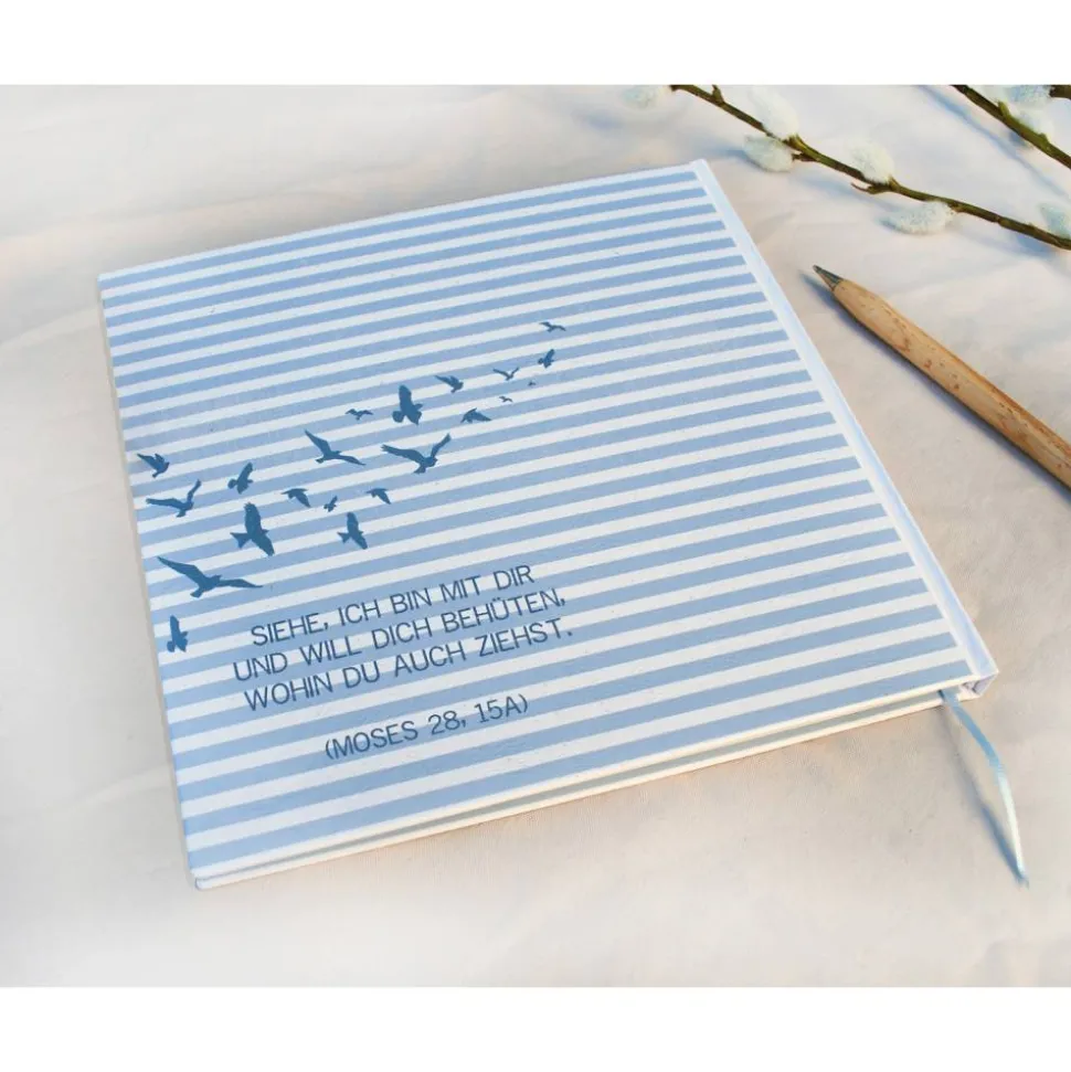 Liebevoll gestaltetes Gästebuch zur Taufe im nordischen Vintage-Design mit Anker, Tau, Möwen und Streifen in maritimen Blautönen, dass durch die Wünsche deiner Gäste zu einem einzigartigen Erinnerungsstück wird. Das Taufalbum mit ozeanischen Elementen in mattem Blau bietet reichlich Platz für Eintragungen, Fotos und eigene Gedanken.
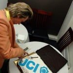 Justina sveikino prezidentą Ivars visų „JCI Lietuva” narių vardu ir linkėjo kuo geriausios sėkmės. Inesa pasirūpino puikia firmine dovana (žiūrėkite nuotraukose), kuri nustebino ne tik prezidentą, bet ir kai kuriuos narius.
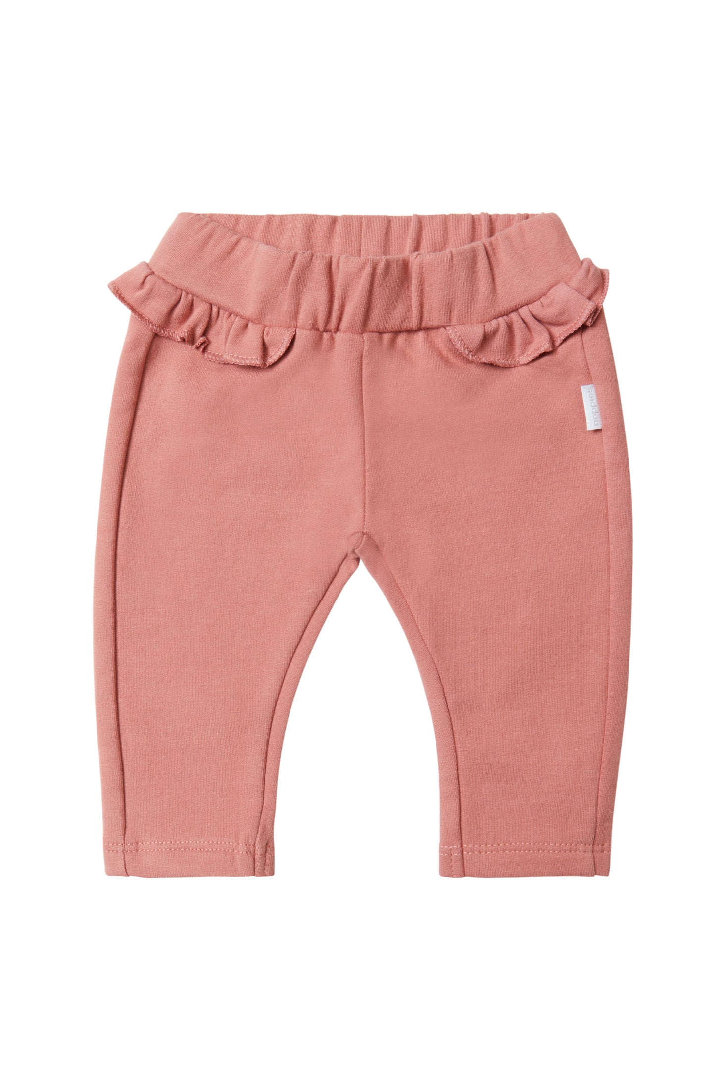 Jogging kwaliteit legging met leuke ruffle details onder de tailleband met elastiek. De binnenkant van het broekje is lekker gebrushed.

____

■ Task
Write the listing out in full, exactly; no images.

■ Answer
 Liebevoll gestaltetes Gästebuch zur Taufe im nordischen Vintage-Design mit Anker, Tau, Möwen und Streifen in maritimen Blautönen, dass durch die Wünsche deiner Gäste zu einem einzigartigen Erinnerungsstück wird. Das Taufalbum mit ozeanischen Elementen in mattem Blau bietet reichlich Platz für Eintragungen, Fotos und eigene Gedanken.
 Justina sveikino prezidentą Ivars visų „JCI Lietuva” narių vardu ir linkėjo kuo geriausios sėkmės. Inesa pasirūpino puikia firmine dovana (žiūrėkite nuotraukose), kuri nustebino ne tik prezidentą, bet ir kai kuriuos narius.
 Jogging kwaliteit legging met leuke ruffle details onder de tailleband met elastiek. De binnenkant van het broekje is lekker gebrushed.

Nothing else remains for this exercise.